Picture this… a batch of close to 200 cadets of the MCEME(the audience) were seated in the auditorium in the most disciplined format like in all the army set-ups with supreme silence, no phones ringing, no cameras flashing. An obedient audience that was! Considering that there should be some powerful take-away for the group the maestros involved them in sing-along act. The group initially hesitated to croon but this song being a prayer and with utmost simple tunes was too absorbing to not be sung. In just a few moments every voice got alive!

It felt like Ritesh and Rajneesh ji were sitting in the clouds and compelling some mystic showers from another world!


It is since then that this is my favourite Saraswati Vandana…I connect in no time with my deity! The reasons are many… the tunes of the song, the reigning yet humble voice of the leading singers, the echoes of the chorus by the uniform clad men, the aura of the performance and the extreme positive vibrations…It makes my Saraswati Vandana complete every time I sing this and so is it today as I celebrate Saraswati Pooja and welcome the Basant Panchami with pure bliss!

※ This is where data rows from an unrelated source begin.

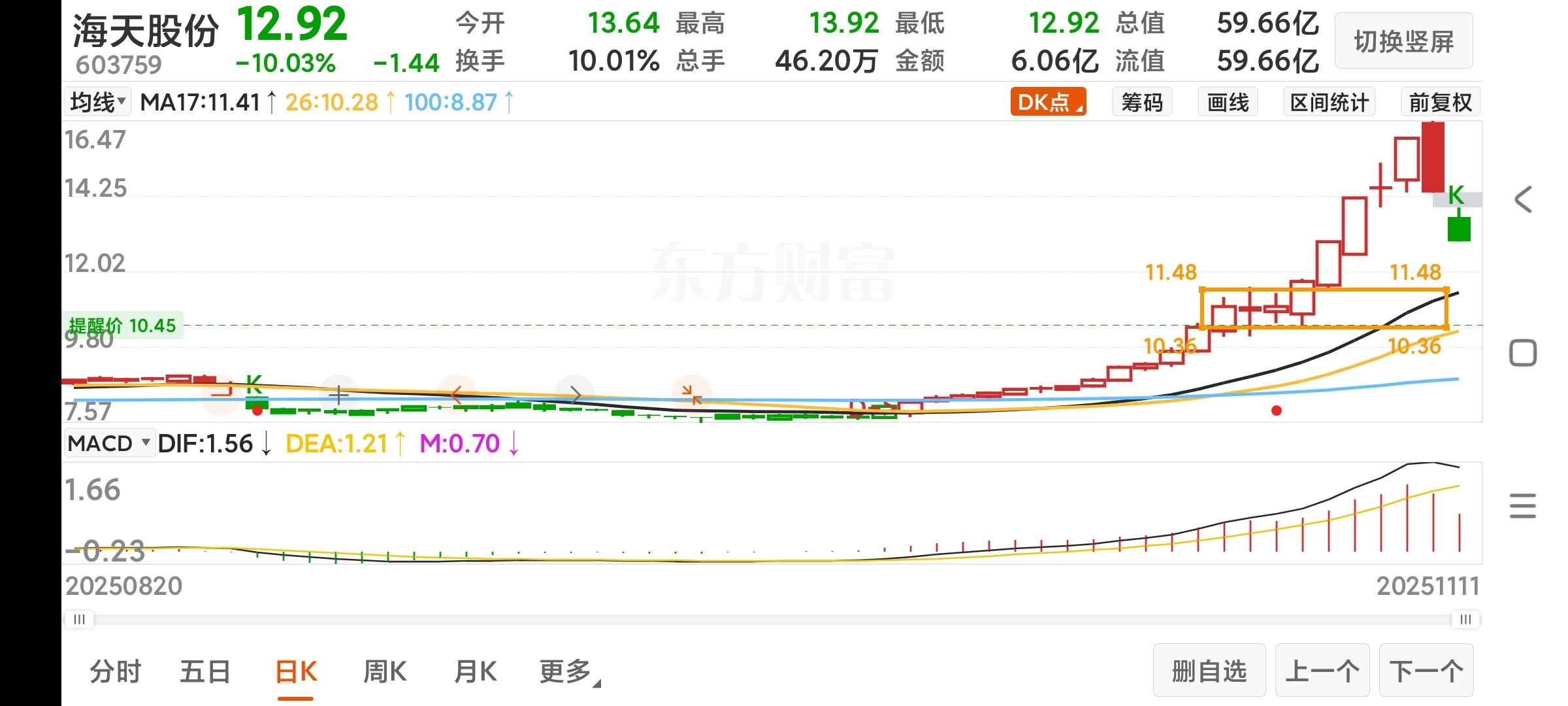 $海天股份(SH603759)$ 会回踩这个区间!是形成回踩确认还是在进入不知道!估计是回踩确认概率大!
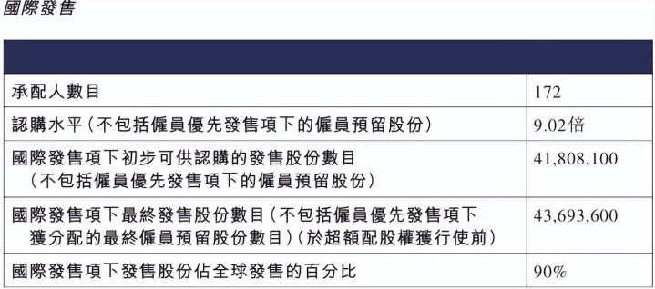 龍旗科技(09611.HK)國(guó)際配售總共172人,認(rèn)購(gòu)額9.02倍。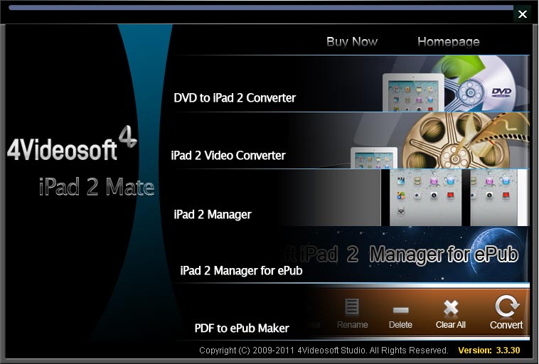 iPad 2 Mate, multifunctionelles iPad 2 Software Paket, besteht aus fünf wundervollen Converter Tools – DVD zu iPad 2 Converter, iPad 2 Video Converter, iPad 2 Manager, iPad 2 Manager für ePub und PDF zu ePub Maker.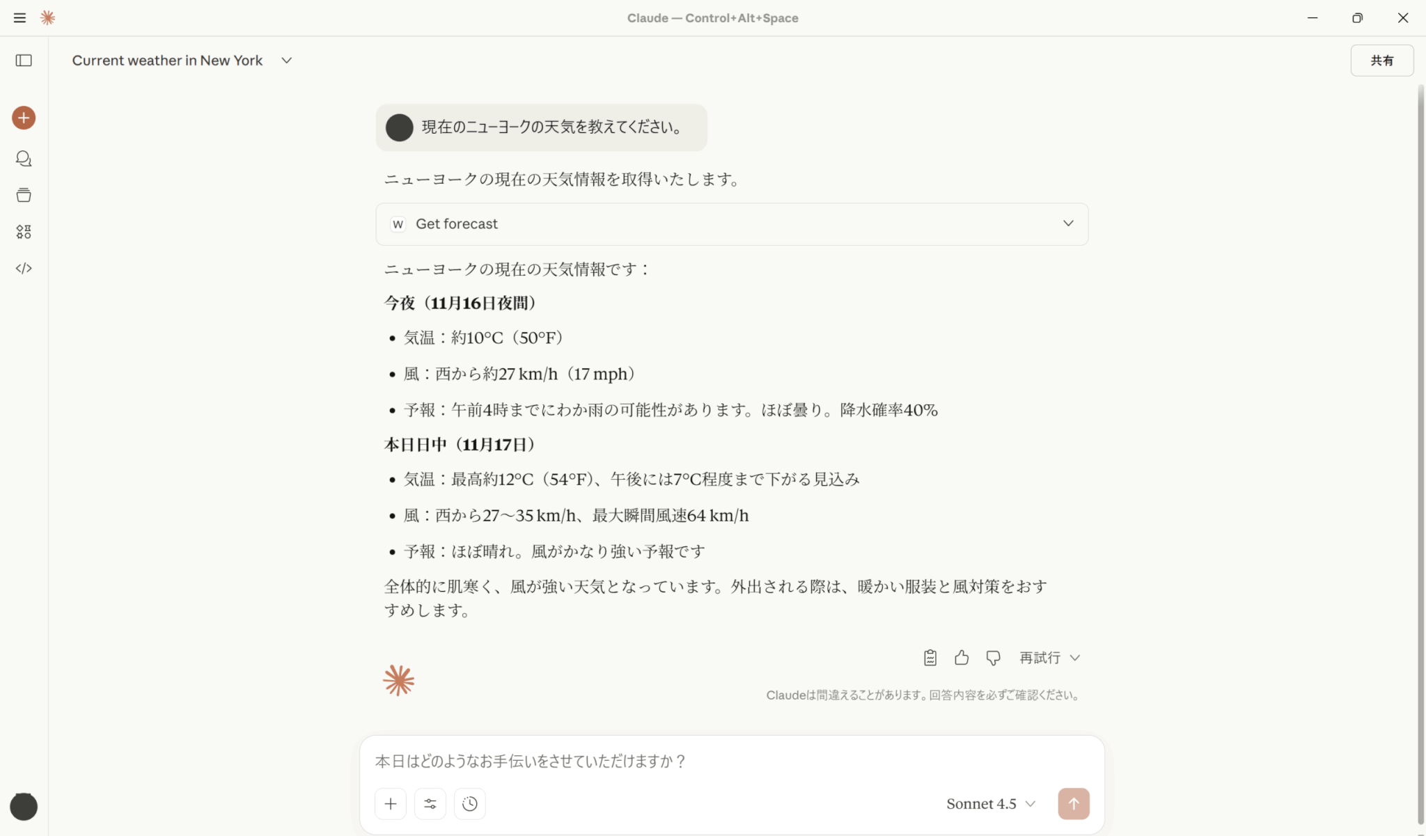 しばらくするとMCPサーバーを通じて得られた回答が出力されます。

I think this is how the world gets its regular dosage of peace…through small drops of infinite goodness!
Music rules every heart!

Love.Peace.Music

Niru

Tuesday, December 23, 2014

My Mother's Bindi!

I belong to a family of ever-evolving members. 

A father, who grew up looking at and dealing with tough times, making sense of things through personal experience and respecting the tiniest joys he was able to reap throughout! A mother, who took care of a new family, when she was herself at an age to be taken care of. She would get irritated, confused of situations but surprisingly never stopped doing what she had to. Two siblings, who were bonded over the touchstone of time and the bond continues to grow stronger. A nephew, whose second skin is love and obedience.

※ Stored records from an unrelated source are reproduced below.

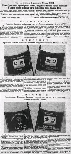 5 февраля 1944 г. Указом Президиума Верховного Совета СССР были утверждены Гвардейские и Красные Знамена частей и соединений Военно-Морского Флота. Согласно положению, Красное Знамя войсковых частей Военно-Морского Флота является символом объединения и внутренней спайки воинской части, символом воинской чести, доблести и славы; знамя является напоминанием каждому из военно-служащих части об их священном долге преданно служить Советской Родине. Красное Знамя вручается войсковой части по ее сформировании от имени Президиума Верховного-Совета СССР.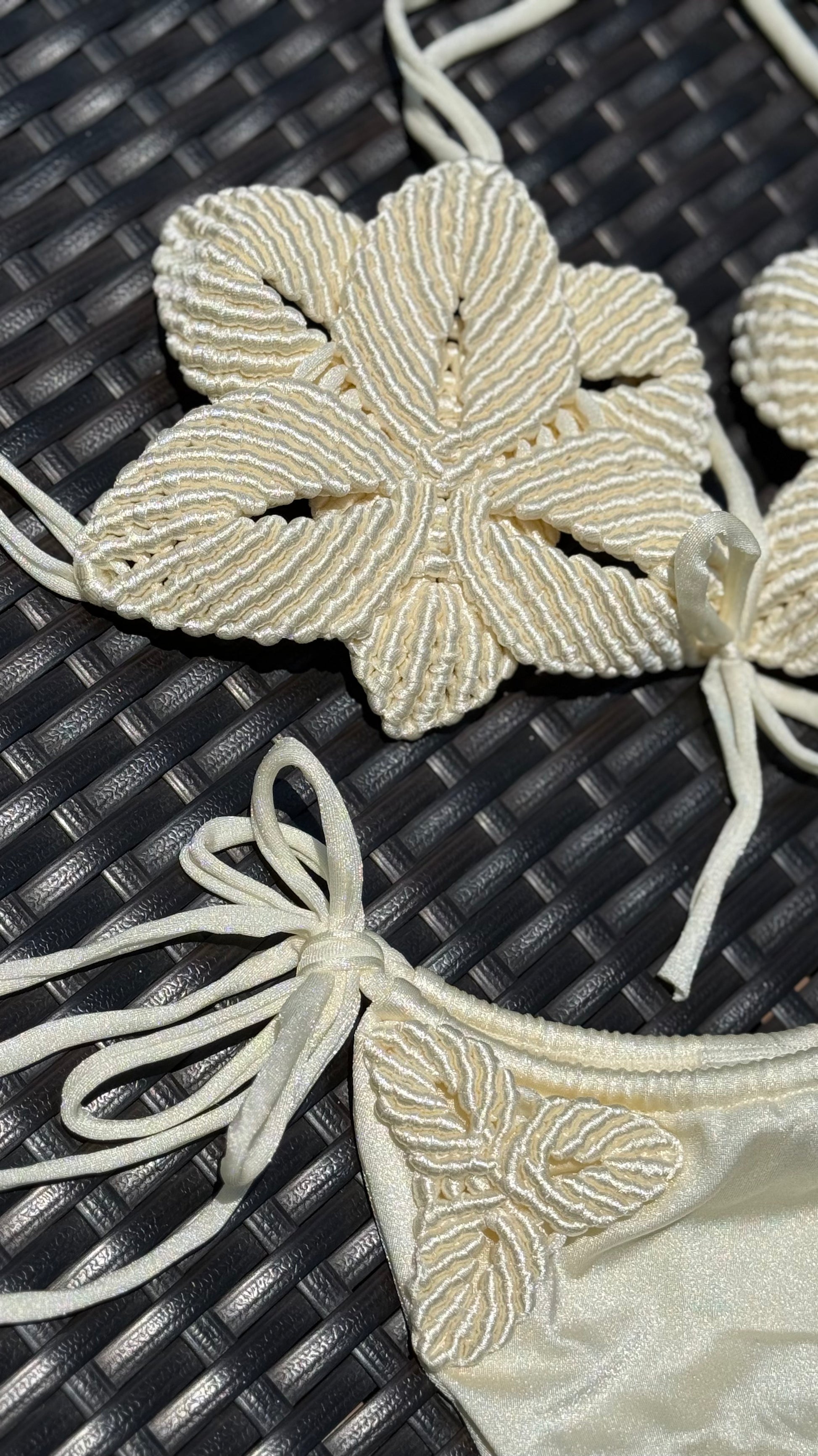 Bikini artesanal tejido, con tiras de amarrar en el panty, ajuste enmedio del top.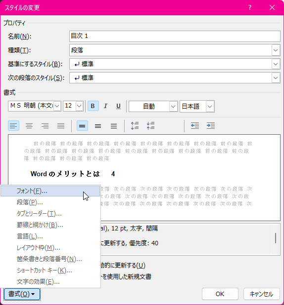 - [書式]ボタンをクリックし、[フォント]を選択します。
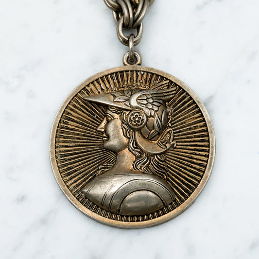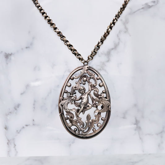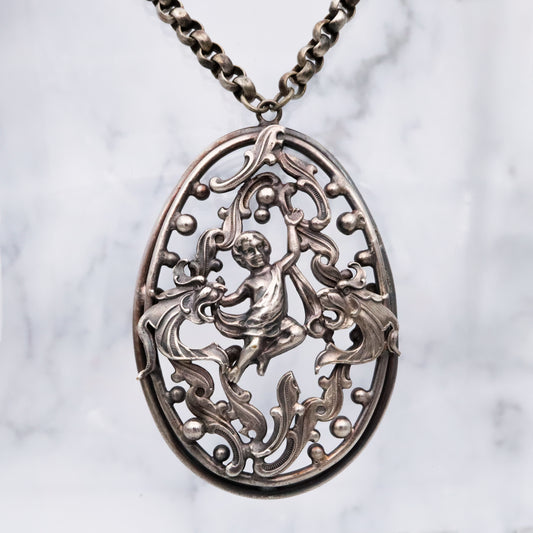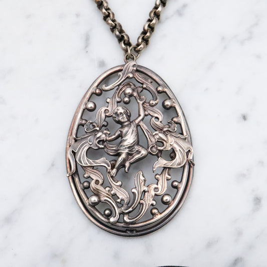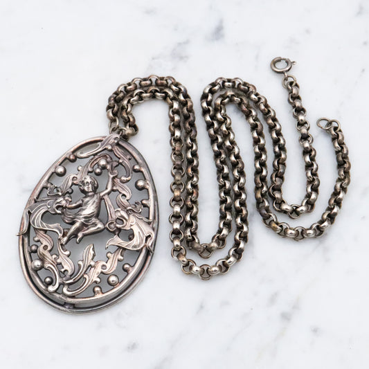 Antique Renaissance Revival silver plated putti & dragon cutout pendant necklace

All through my life till now, things have changed dramatically, but what refuses to change is the willingness of this family to stay hooked, understand each other and love unconditionally.

And here is a beautiful instance of this superior understanding that I found in my sister, my li'l nephew and myself for our most beloved mother!
After my father left us for his journey to the heavens ten years ago, he didn't just create a void in our hearts, but the social stigma of a widow also fell upon my mother. When he was alive, my mother loved to dress up beautifully. After the weariness of the entire day due to the household chores, she would prim herself up and decorate her forehead with a bright red Bindi, in the evening; I never saw her put a lipstick, so her Bindi and her flaring red Sindoor were the visual delight to my eyes. I always loved women decked up according to their capacity and with Maa being so beautiful, the inclination was so obvious. After Papa left, the whole ritual changed. It ceased. She refused to even see her face in the mirror; she lost weight in enormous amounts. The situation was awful and to get things in control we had to create things like in past, without hurting anyone! I searched for answers in my surroundings, I asked some real close friends whose mothers had the same suffering and the only answer I got was..."It would take time." But it was too tough to take it and then one day I decided, rather dared to ask my mother if she could put a small Bindi on her forehead, as expected she got upset. But we had to make it work, we wanted her to like herself again and after repeat efforts by my sister, nephew and I, we could manage to give my mother a reason to look back into the mirror. She slowly accepted that the Bindi is no taboo and she now adorns herself with it often, though not all the time. 

This for me is a personal achievement. Whenever she goes out I make sure I see her off with a Bindi and she smiles!